One trend seems clear though: As far as prenatal care, the county has made significant headway, thanks in part to efforts like Healthy Start as well as the Partners in Women’s Health program funded by the Hospital District and Cleveland Clinic Indian River Hospital.

“Prenatal care is up 9 percent from 2018 – that’s almost a double-digit increase, and that’s something we can all be proud of,” said Sharon Packard, Indian River Schools’ coordinator of mental health services and a recent addition to the board of Healthy Start.

As for high-risk pregnancies, Cleveland Clinic Indian River now has a fetal and maternal health specialist, Berry said, but it does not have a neonatal intensive care unit, or NICU, and babies born with problems often are transferred to other hospitals.

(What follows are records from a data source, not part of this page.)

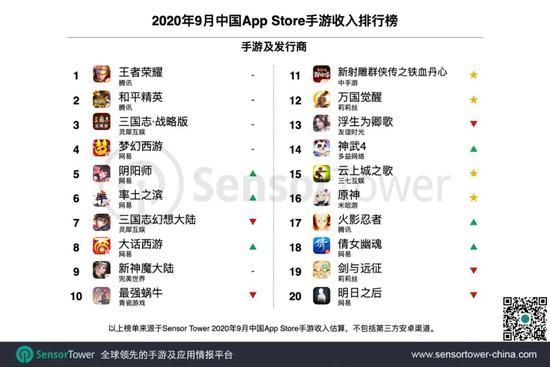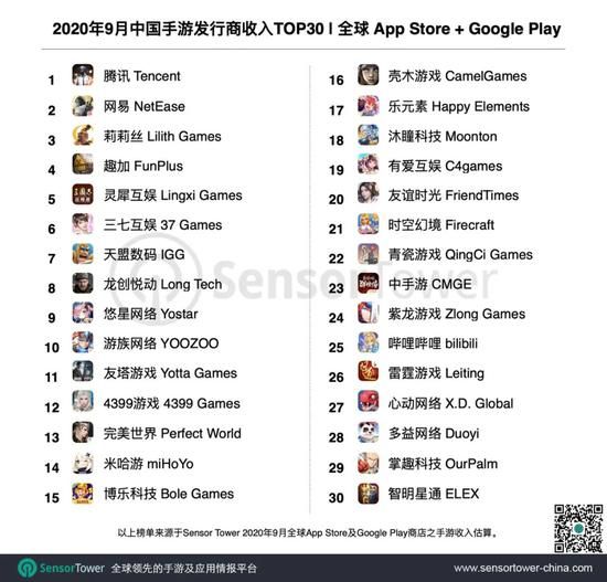 新浪科技讯 10月9日上午消息,Sensor Tower商店情报平台显示,2020年9月中国手游发行商在全球 App Store 和 Google Play 的收入排名。榜单中30家厂商9月全球吸金19.2亿美元,占当期全球手游总收入28.8%。
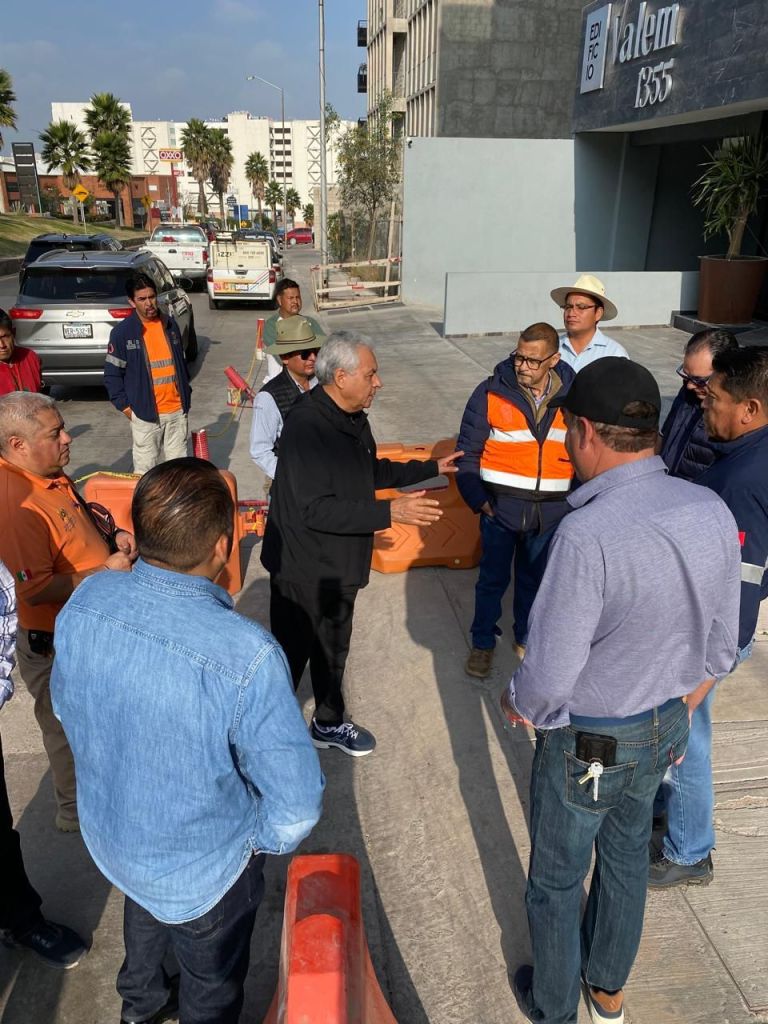 En la inspección encabezada por el director general de Interapas Jorge Daniel Hernández Delgadillo, junto con el director de Protección Civil Adrián Cortázar Ruiz, el director de Obras Públicas del Gobierno de la Capital Eustorgio Chávez Garza y desarrolladores del Pedregal, revisaron la parte baja del sitio del colapso y los sótanos de los edificios que flanquean el lote para constatar sus condiciones y descartar indicios de riesgo; así como proponer trabajos de contención y reparación, para evitar riesgos a a la población.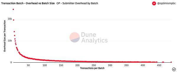 2. 開銷:隨著總 batch 的尺寸變大,在一個 batch 中添加一筆交易的開銷會減少。這是 L2 擴容與 L1 擴容不同的一個地方:交易越多,交易費就越便宜。開銷已經從 2750 gas 減少到 2100 gas,并會隨著 Optimism 的使用率增加繼續減少。

The group urged that the county “be more aware of those high-risk pregnancies and monitoring those challenges so we can be very strategic about how we put interventions for those moms,” Packard said.

Berry would like to expand participation in the study and wants the committee to reach more mothers in mourning.

Along with recruiting more participants, Berry hopes for more thorough medical records to draw on. She wants to work more closely with providers to develop consistency in local birth records.

While Indian River is undertaking a major renovation to its maternity wing, plans still don’t include a neonatal intensive care unit, which cares for critically ill newborns. Now, any such infants delivered at the Vero hospital must be transported to Tradition Hospital in Port St. Lucie, which has a six-bed Level II NICU; or Martin Health in Stuart, which has a five-bed NICU. Both hospitals are part of the Cleveland Clinic system.

For Level III care, the most intensive level of infant care in Florida, babies must be taken to Orlando, where Nemours Children’s Hospital, which has a relationship with Cleveland Clinic Indian River, maintains 18 NICU beds.

Two other Orlando hospitals also have NICU beds: Florida Hospital for Women, with 102 Level III NICU beds; and Orlando Health’s Winnie Palmer Children’s Hospital, with 142 NICU rooms.